Copy task. Retype the whole listing exactly, omitting any picture in it.
RAW DATA Start Marker
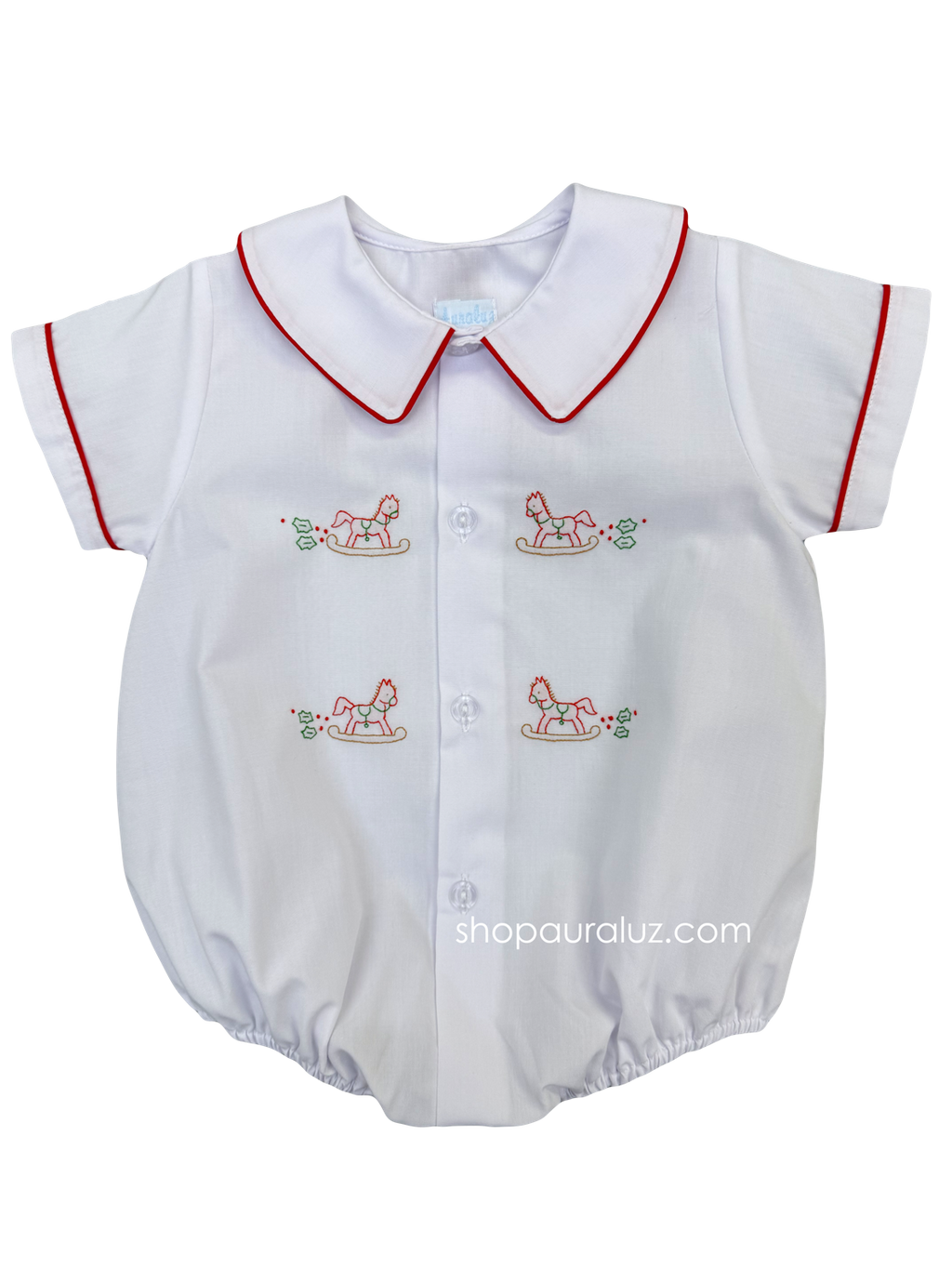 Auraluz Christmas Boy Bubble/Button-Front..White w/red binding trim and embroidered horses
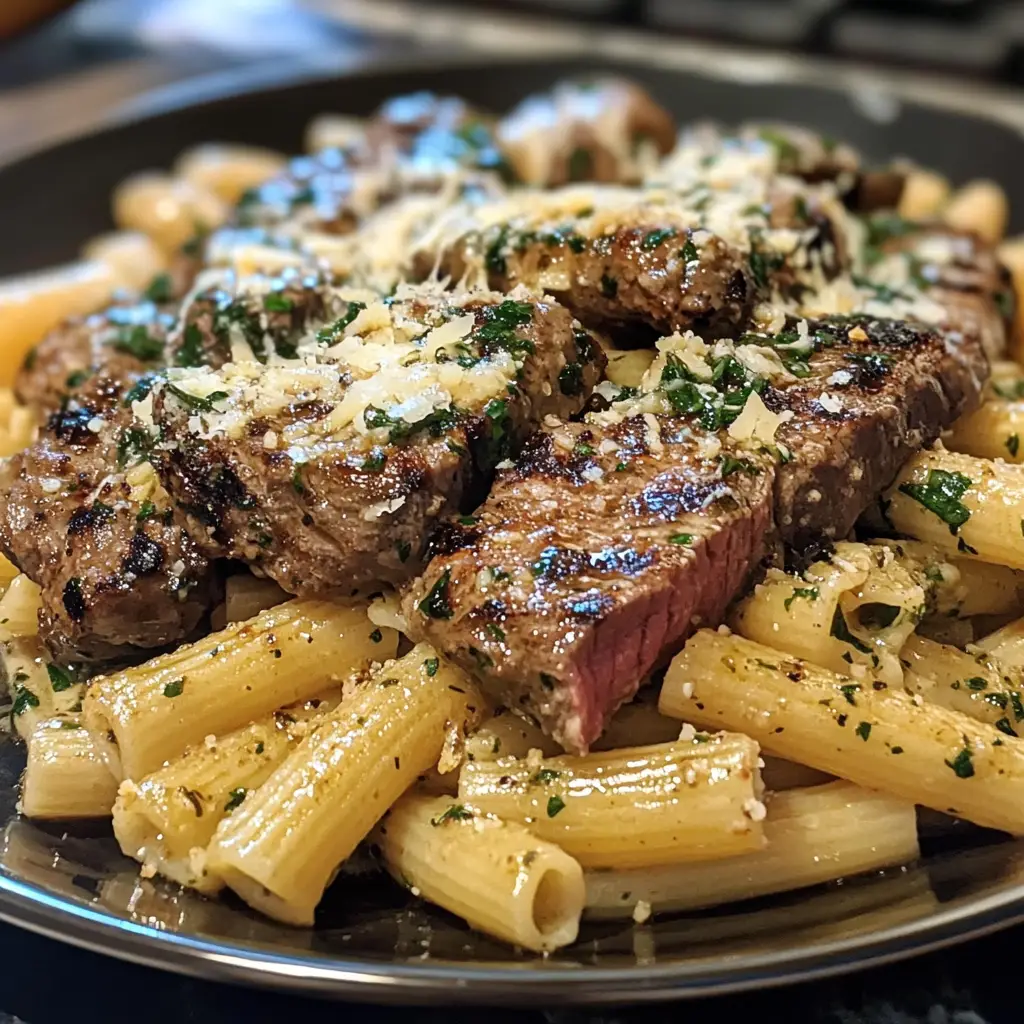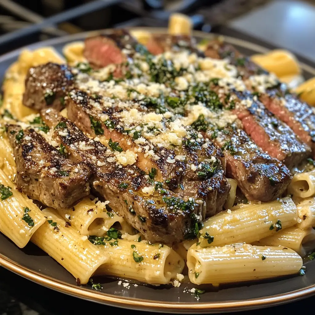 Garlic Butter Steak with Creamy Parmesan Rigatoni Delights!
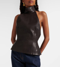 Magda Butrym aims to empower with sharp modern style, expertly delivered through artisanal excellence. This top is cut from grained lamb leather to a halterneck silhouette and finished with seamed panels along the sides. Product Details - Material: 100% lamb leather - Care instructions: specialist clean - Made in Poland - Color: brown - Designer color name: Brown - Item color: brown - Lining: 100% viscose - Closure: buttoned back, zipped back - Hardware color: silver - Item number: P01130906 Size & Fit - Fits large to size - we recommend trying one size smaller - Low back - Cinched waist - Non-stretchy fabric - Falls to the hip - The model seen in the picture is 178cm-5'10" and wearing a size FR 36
RAW DATA End Marker
SOLUTION FOR THIS EXERCISE
 Auraluz Christmas Boy Bubble/Button-Front..White w/red binding trim and embroidered horses
 Garlic Butter Steak with Creamy Parmesan Rigatoni Delights!
 Magda Butrym aims to empower with sharp modern style, expertly delivered through artisanal excellence. This top is cut from grained lamb leather to a halterneck silhouette and finished with seamed panels along the sides. Product Details - Material: 100% lamb leather - Care instructions: specialist clean - Made in Poland - Color: brown - Designer color name: Brown - Item color: brown - Lining: 100% viscose - Closure: buttoned back, zipped back - Hardware color: silver - Item number: P01130906 Size & Fit - Fits large to size - we recommend trying one size smaller - Low back - Cinched waist - Non-stretchy fabric - Falls to the hip - The model seen in the picture is 178cm-5'10" and wearing a size FR 36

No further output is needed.